Contact: University Relations, Office: (517) 355-2281, media.communications@ur.msu.edu
Published: April 13, 2005
Contact: Timothy Beers, Physics and Astronomy, (517) 355-9200, Ext. 2416, (517) 381-9552, (517) 256-7996, or beers@msu.edu; or Tom Oswald, University Relations, (517) 355-2281, oswald@msu.edu
4/13/2005
EAST LANSING, Mich. – A Michigan State University professor is part of an international team of astronomers that has identified an ancient star, one of a pair of objects with the lowest observed abundances of heavy metals ever discovered.

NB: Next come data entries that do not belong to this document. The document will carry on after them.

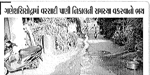
ગોશાસિરોદ્રામાં વરસાદી પાણી નિકાલની સમસ્યા વકરવાનો ભય

ઉમરગામ આનંદ ચેરિટેબલ ટ્રસ્ટ દ્વારા ચક્રવર્તી પરિવારોના સભ્યોનું સન્માન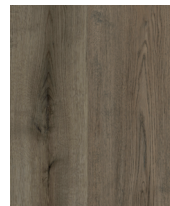
Canton Smoked Grey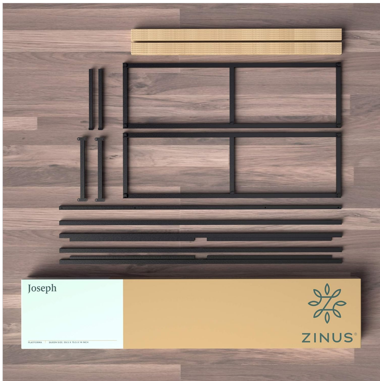
Image: All components of the Zinus Modern Studio bed frame, including the metal frame pieces, wooden slats, and assembly tools, are laid out on a wooden floor, ready for assembly.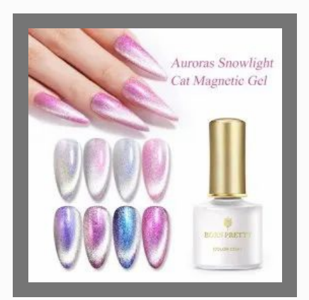
Born Pretty Auroras Snowlight Cat Magnetic Gel Nail Polish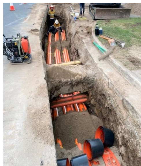
Figure 1 – A section of electrical conduit already installed adjacent to Broadwater Ave.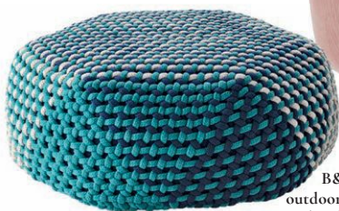
B&B Italia outdoor pouf in Night Blu, WPA Chicago

The research of Timothy Beers, MSU professor of physics and astronomy, and colleagues is detailed in the April 14 issue of the journal Nature.
The newly discovered star, known as HE1327-2326, is similar in age and chemical composition to another star Beers and his colleagues discovered three years ago. Both stars are approximately 13 billion to 14 billion years old, with extremely low levels of iron and other heavy metals.
It is of particular interest that these two stars have patterns of elemental abundances that are quite similar to one another, said Beers. Both have extremely large amounts of light elements such as carbon, nitrogen and oxygen.
“We are looking at a new class of stars here,” Beers said. “It cannot be a coincidence that the two lowest metallicity stars ever discovered share these same traits. These stars may have recorded the patterns of elements created by the very first generations of massive stars to have formed in the universe.”
The clue to these stars’ age is the fact that they have extremely low metal content. Beers said these stars have less than 1/200,000th of the solar content of heavy elements, which is about 20 times more metal-poor than the previous record for stars in the Milky Way galaxy.
HE 1327-2326 was initially identified as part of observations currently being made of candidate low-metallicity stars chosen from the Hamburg/ESO Objective Prism survey. Subsequent high-resolution spectroscopy were obtained with the 8-meter Japanese National Telescope, “Subaru,” located on Mauna Kea in Hawaii.
This star is approximately 5,000 light years from Earth. Not visible with the naked eye, it is located in the constellation Hydra.
When stars began to form some time after the Big Bang, the only abundant elements in the universe were hydrogen and helium. The first stars to form are thought to have been hundreds of times more massive than our sun.
After extremely short lives, these stars exploded as supernovae and began to pollute the universe with heavier metals such as iron, carbon, nitrogen and oxygen. Consequently, the older stars have very low levels of these metals.
Partial funding for this work was obtained from the National Science Foundation.
In addition to Beers, other members of the team are from Australia, Germany, Japan and the United Kingdom.